ブラックフライデーセールで失ったもの
今日はブラックフライデーセール。とにかく安いらしい。長男つむぎがご飯を食べるためにリビングの隣のダイニングに移ったすきに、ソワソワしながらがスマートフォンでアマゾンを開く。
「ふむふむ、このバナーをクリックすればいいのか」
ページ上部のBLACK FRIDAYのバナーをじっくりと眺める。
「おお、もうすぐ終了のセールがあるじゃないか」
やばいやばい、バナーをクリック。
セール終了間近のラインナップが表示される。
「ほほう、ブルートゥースのイヤホンに、低反発枕、スマートウォッチもあるなぁ・・・」
親指で下へ下へとスクロールしていく。どこまでも下へ下へと。
「・・・、うん別に欲しい物ないな。ていうかそもそも欲しい物は特に無いなぁ」
「よし、となれば息子へのプレゼントを買うのがいいだろう、うん、それがいい」
ホビー・おもちゃのカテゴリをクリックする。
「ほうほう、この恐竜のおもちゃは良さそうだな、おぉ、レゴもあるじゃないか!」
「まぁ、でも欲しがりそうなものは無いなぁ・・・」
その後もあれこれとクリックしてはスクロール。
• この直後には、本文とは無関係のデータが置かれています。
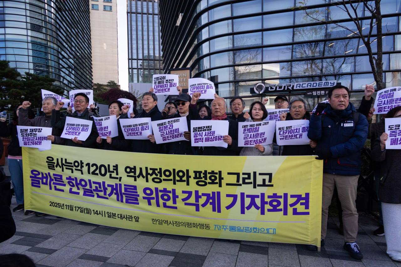 자주통일평화연대, 한일역사정의평화행동은 11월 17일 일본대사관 앞에서 을사늑약 120년을 맞아 역사정의와 평화를 촉구하는 기자회견을 진행하였습니다. 각계 발언자들은 일본 정부의 식민지배 부정, 위안부·강제동원 책임 회피, 독도 왜곡, 군사대국화 추진 등 극우·군국주의 노선을 강력히 규탄하였습니다.

スクロールしてはクリック。
「ご飯どうぞー!」
「だでぃ、ご飯だよ」
ぼくのご飯の準備もできたようだ。
「ふぅ・・・」
ぼくは、何も買わずにリビングの机にそっとスマホを置く。
結局のところ、ぼくのブラックフライデーセールは、なにより貴重なひとり時間を失うだけに終わったのだった。